Dataset entries |

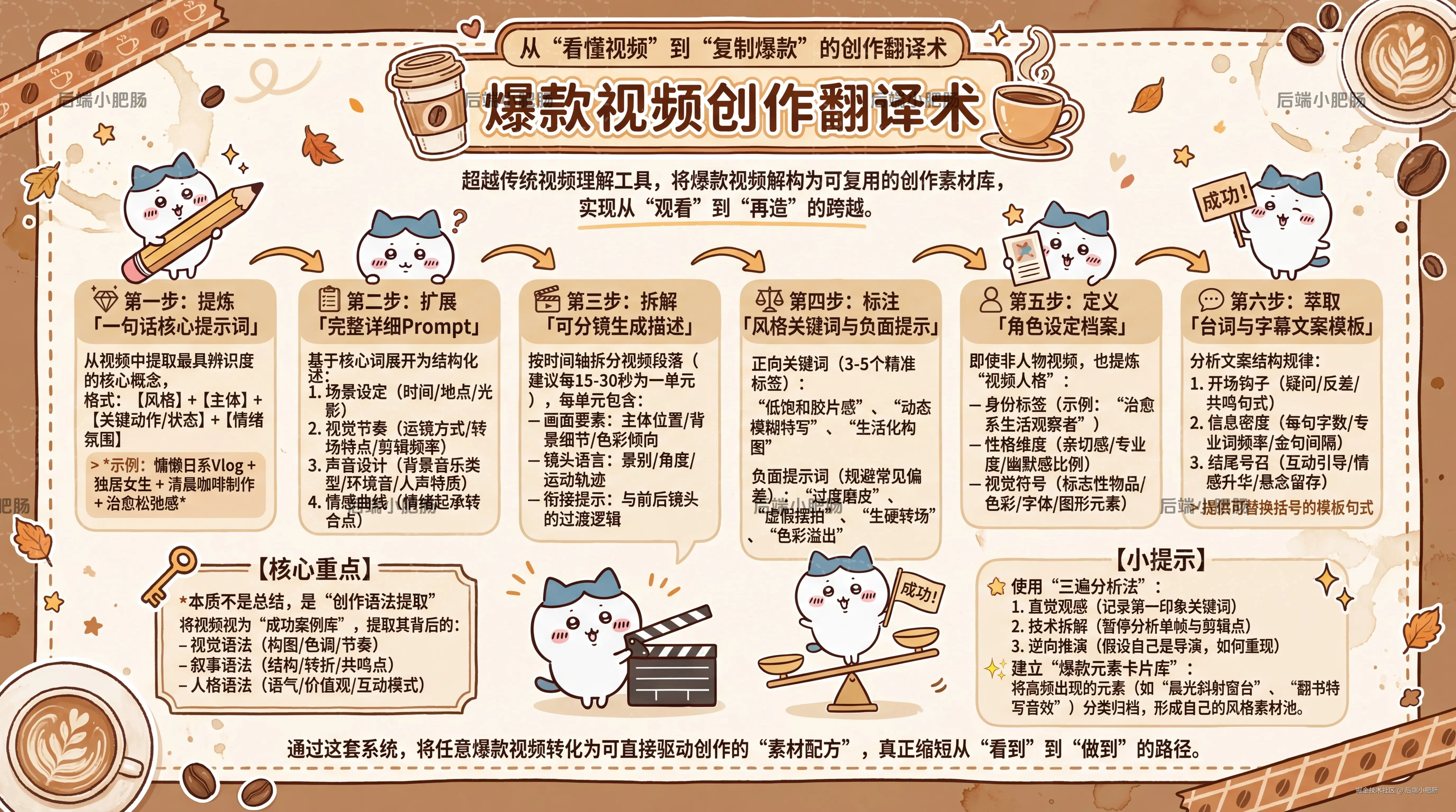 我做这个 skill,并不是单纯想做一个“视频理解工具”。因为现在很多模型都能大概总结视频内容,告诉你视频里有谁、发生了什么、画面是什么风格。但这些信息离“我能不能继续做出一个类似风格的视频”,中间其实还差很大一截。我真正想要的是把一个爆款视频尽量翻译成一套可复用的创作素材。包含以下核心内容:
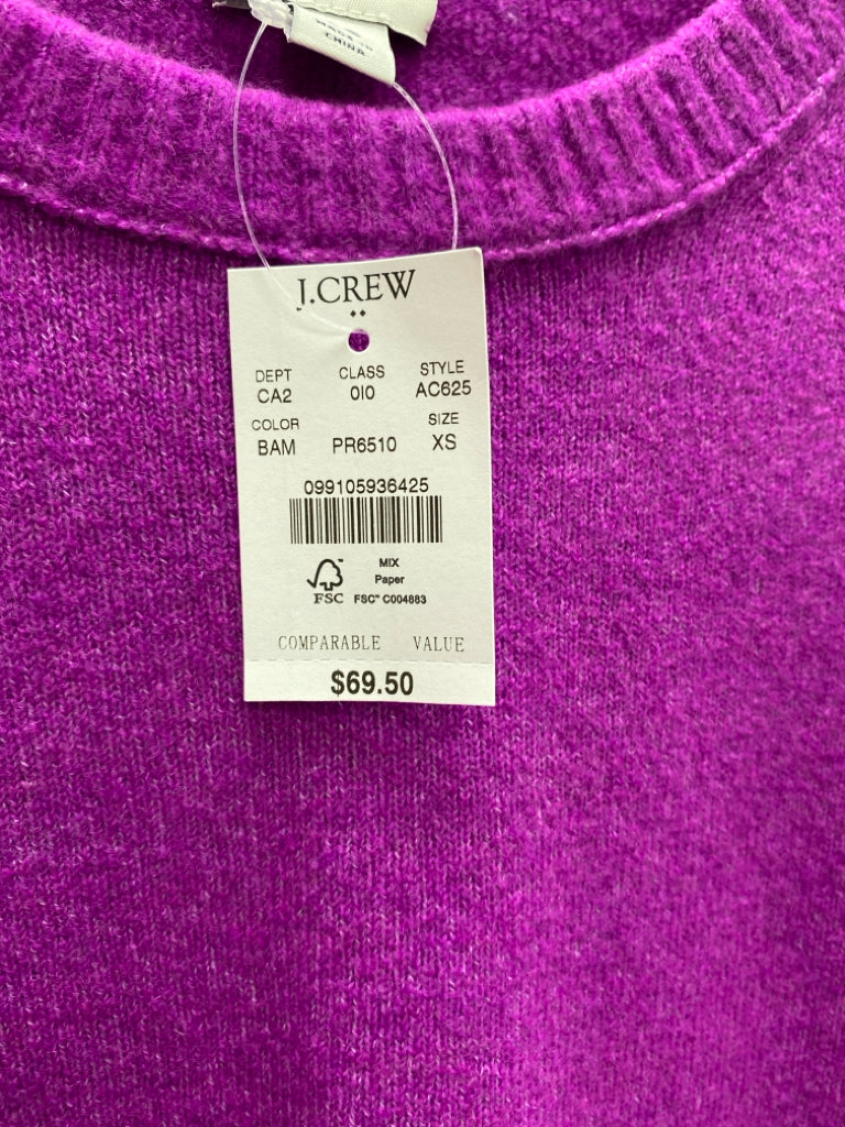 [{"id":41913799311463,"title":"XS","option1":"XS","option2":null,"option3":null,"sku":"15540-2488","requires_shipping":true,"taxable":true,"featured_image":null,"available":true,"name":"J Crew Size XS Magenta Ladies Sweater - XS","public_title":"XS","options":["XS"],"price":3400,"weight":454,"compare_at_price":null,"inventory_management":"shopify","barcode":"03974252","requires_selling_plan":false,"selling_plan_allocations":[]}]
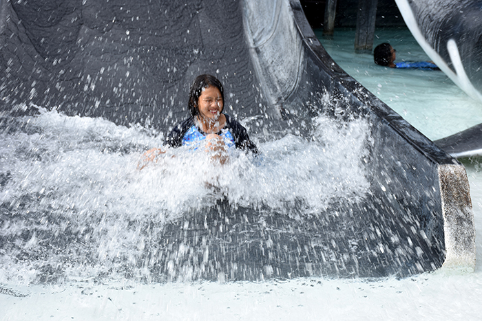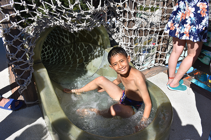 泳池中玩累了,孩子們稍作休息,便又元?dú)鉂M滿地開始了各種驚險(xiǎn)刺激的水上項(xiàng)目挑戰(zhàn)。在湍急的出水口,在急速滑下而濺起的浪花中,孩子們開懷大笑又有些驚險(xiǎn)的表情被記錄了一次又一次。同一個(gè)項(xiàng)目,一遍又一遍玩耍的熱情,一次又一次開心的尖叫,讓我們感受到了孩子們火一樣的青春。
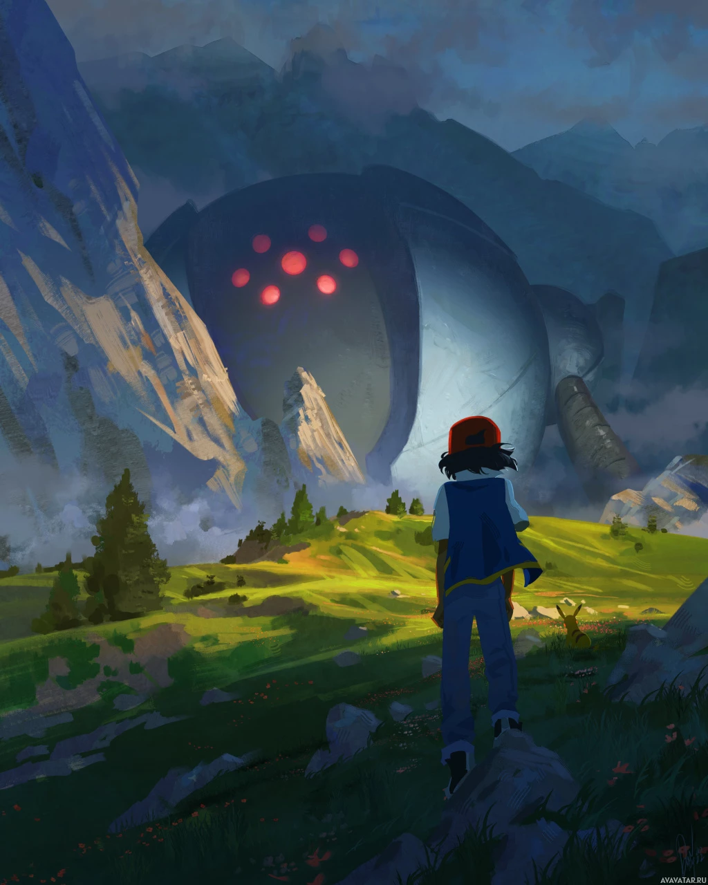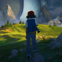 a sense of adventure and exploration as Ash appears to be facing the unknown or perhaps preparing for battle. The setting suggests a fantasy or science fiction theme, common elements in Pokémon movies where trainers embark on
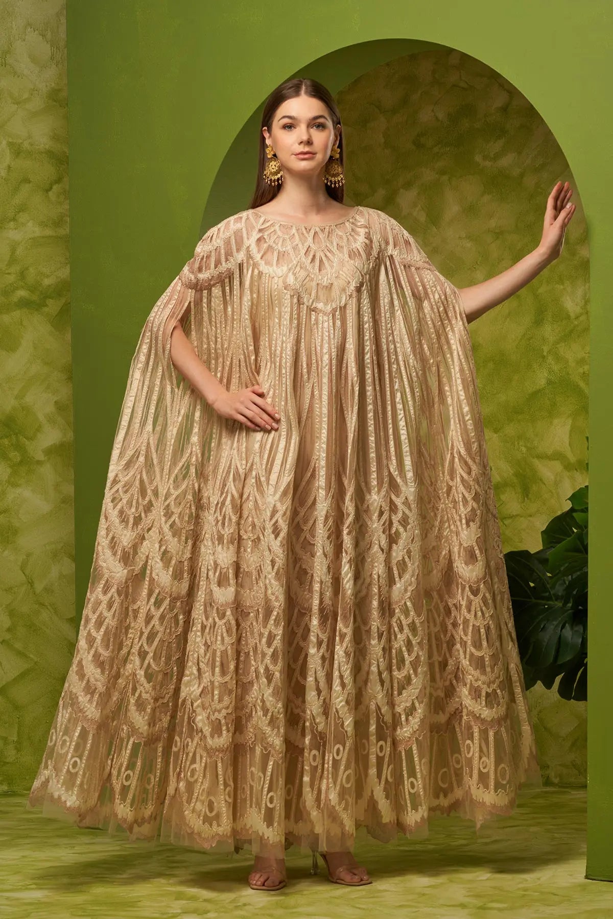 Some outfits just make Ramadan evenings feel even more special - this Circular Beige Kaftan is one of them. The intricate geometric applique embroidery adds just the right amount of detail, while the soft tulle crepe fabric flows effortlessly. Whether you're hosting iftar or heading to a gathering, this Ramadan kaftan lets you look put together without any effort. Just add a pair of earrings, and you're ready for the night.

The problem |
Quote the preceding records in their entirety, excluding every picture.

Exercise response |
 我做这个 skill,并不是单纯想做一个“视频理解工具”。因为现在很多模型都能大概总结视频内容,告诉你视频里有谁、发生了什么、画面是什么风格。但这些信息离“我能不能继续做出一个类似风格的视频”,中间其实还差很大一截。我真正想要的是把一个爆款视频尽量翻译成一套可复用的创作素材。包含以下核心内容:
 [{"id":41913799311463,"title":"XS","option1":"XS","option2":null,"option3":null,"sku":"15540-2488","requires_shipping":true,"taxable":true,"featured_image":null,"available":true,"name":"J Crew Size XS Magenta Ladies Sweater - XS","public_title":"XS","options":["XS"],"price":3400,"weight":454,"compare_at_price":null,"inventory_management":"shopify","barcode":"03974252","requires_selling_plan":false,"selling_plan_allocations":[]}]
 泳池中玩累了,孩子們稍作休息,便又元?dú)鉂M滿地開始了各種驚險(xiǎn)刺激的水上項(xiàng)目挑戰(zhàn)。在湍急的出水口,在急速滑下而濺起的浪花中,孩子們開懷大笑又有些驚險(xiǎn)的表情被記錄了一次又一次。同一個(gè)項(xiàng)目,一遍又一遍玩耍的熱情,一次又一次開心的尖叫,讓我們感受到了孩子們火一樣的青春。
 a sense of adventure and exploration as Ash appears to be facing the unknown or perhaps preparing for battle. The setting suggests a fantasy or science fiction theme, common elements in Pokémon movies where trainers embark on
 Some outfits just make Ramadan evenings feel even more special - this Circular Beige Kaftan is one of them. The intricate geometric applique embroidery adds just the right amount of detail, while the soft tulle crepe fabric flows effortlessly. Whether you're hosting iftar or heading to a gathering, this Ramadan kaftan lets you look put together without any effort. Just add a pair of earrings, and you're ready for the night.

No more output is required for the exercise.